Question

Consider the diagram shown below. A voltmeter of resistance \[150\Omega \] is connected across \[A\] and \[B\] . The potential drop across \[B\] and \[C\] measured by voltmeter is

$\left( a \right)\,\,29V$
$\left( b \right)\,\,27V$
$\left( c \right)\,\,31V$
$\left( d \right)\,\,30V$

Answer 1

Hint: A voltmeter is a device which is used for the measuring electric potential difference between any two points in an electrical circuit. Simple voltmeters move a pointer over a scale in relation to the voltage of the circuit; advanced voltmeters give a mathematical showcase of voltage by utilization of a simple to digital converter. The sum of voltage across resistors in series is equal to the voltage applied by the source connected.

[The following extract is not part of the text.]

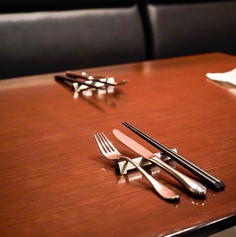 グループ利用に嬉しいテーブル席がございます。落ち着いたインテリアでまとめており、心地よい空間で食事を楽しむことができます。

Complete step by step solution:
When a voltmeter of the resistance \[150\Omega \] is connected across the point \[A\] and \[B\] , the two resistance will be in parallel and the resistance across the point \[A\] and \[B\] will be
\[ \Rightarrow {R_{ab}} = \dfrac{{150 \times 100}}{{150 + 100}}\]
After solving the above equation, we get
\[ \Rightarrow {R_{ab}} = 60\Omega \]
Now the equivalent resistance of the circuit will be
\[ \Rightarrow {R_{ac}} = {R_{ab}} + R{}_{bc}\]
After substituting the values of \[{R_{ab}}\] and \[R{}_{bc}\] the equation becomes
\[ \Rightarrow {R_{ac}} = 60 + 100\]
And on solving it, we get
\[ \Rightarrow {R_{ac}} = 160\Omega \]
The current in the circuit will be taken as
\[ \Rightarrow I = \dfrac{{50}}{{160}}\]
After calculating we get
$ \Rightarrow I = 0.31A$
In this way, Potential drop across B and C
 \[ \Rightarrow {V_{bc}} = I{R_{bc}}\]
After substituting the values in the above equation
\[ \Rightarrow {V_{bc}} = 0.31 \times 100\]
Now we have to calculate the above equation we get
\[ \Rightarrow {V_{bc}} = 31V\]

Hence the correct option is $\left( c \right)$ .

Note: Resistance is a measure of the opposition to current flow in an electrical circuit. Resistance is measured in ohms. Voltmeter uses the concept of potential gradient which is the fall in potential per unit length. So, when current passes through a wire which is of uniform area then the potential difference across any part is directly proportional to length of that path. If the potential gradient is small, then the sensitivity of voltmeter will be higher.